Try it - Take the line that contains "Efterfuglen er ret" and each line after it to the end of the data below, and set them down exactly, omitting pictures.

The data -
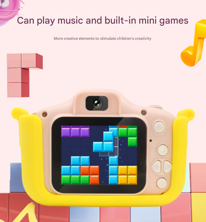 This adorable cat-themed digital camera is designed to make photography fun and engaging for children. Featuring a charming pastel gradient and playful paw details, it allows young users to explore their creativity by capturing high-quality photos and videos. The camera comes with a large storage capacity and is built to be durable and easy to operate, making it an ideal gift for young aspiring photographers.
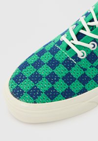 Κλασικό χαμηλό παπούτσι Vans με ύφασμα σε πράσινο και μπλε καρώ, λευκά κορδόνια και εκρού λαστιχένια σόλα, εμφανιζόμενο από τη πλευρά σε ανοιχτό φόντο.
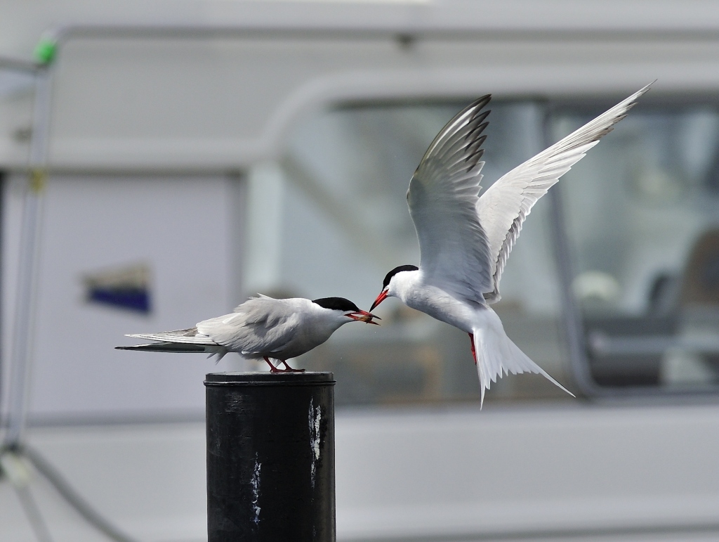 Efterfuglen er ret lille og net for en gråmåge med slankt næb og rundt hoved bedømtes fuglen til at være en hun. Kønsbestemmelse er undertiden mulig, og hanner - som 2 af fuglene i Hvide Sande - er større med en brutal aura, flad pande og meget bredere og kraftigere næb.
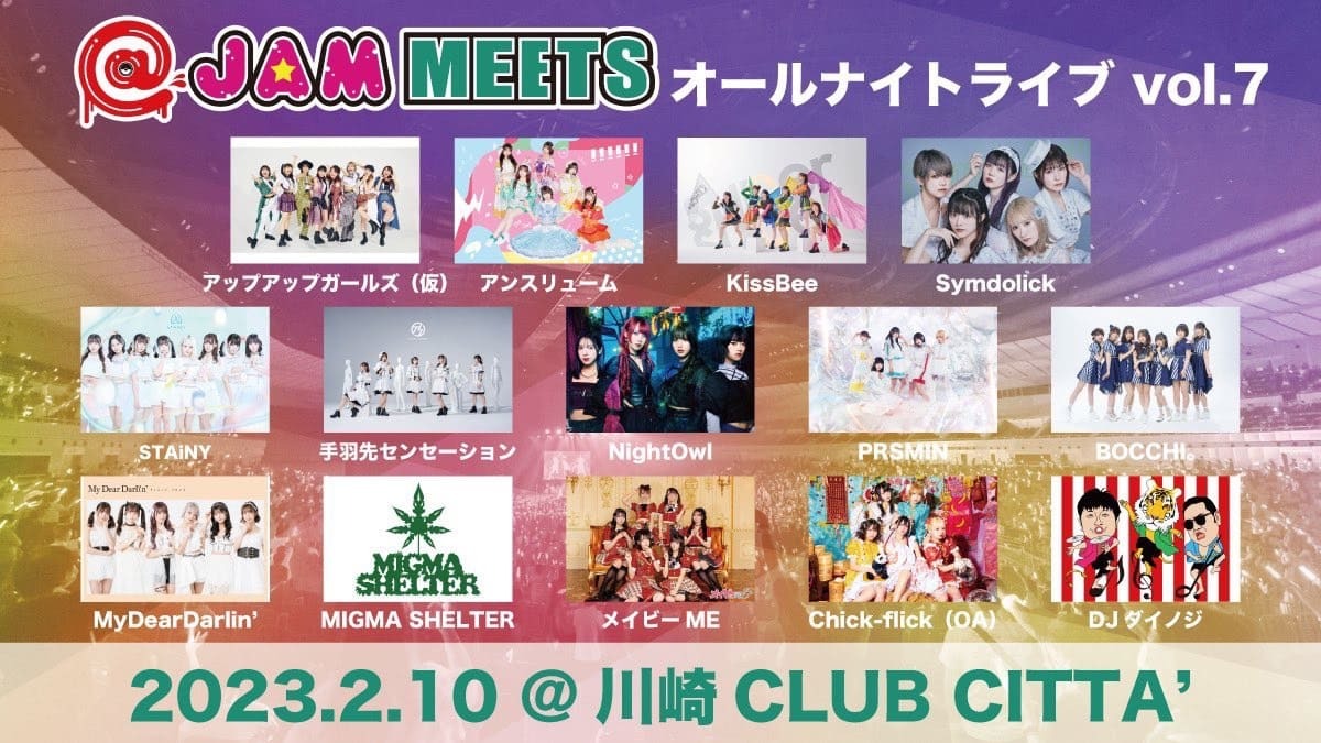 SCHEDULE BACK TO LIST 2023.2.10[Fri] 川崎 CLUB CITTA @JAM MEETS ~オールナイトライブ~vol.7 詳細→https://ticket.rakuten.co.jp/music/rtzpapd/ VENUE 川崎 CLUB CITTA [ URL ] 神奈川県川崎市川崎区小川町4-1 TIME 開場 / 23:30 開演 / 0:00 TICKET 前売 ¥ 4,200 / 当日 未定 ACT

Output below -
 Efterfuglen er ret lille og net for en gråmåge med slankt næb og rundt hoved bedømtes fuglen til at være en hun. Kønsbestemmelse er undertiden mulig, og hanner - som 2 af fuglene i Hvide Sande - er større med en brutal aura, flad pande og meget bredere og kraftigere næb.
 SCHEDULE BACK TO LIST 2023.2.10[Fri] 川崎 CLUB CITTA @JAM MEETS ~オールナイトライブ~vol.7 詳細→https://ticket.rakuten.co.jp/music/rtzpapd/ VENUE 川崎 CLUB CITTA [ URL ] 神奈川県川崎市川崎区小川町4-1 TIME 開場 / 23:30 開演 / 0:00 TICKET 前売 ¥ 4,200 / 当日 未定 ACT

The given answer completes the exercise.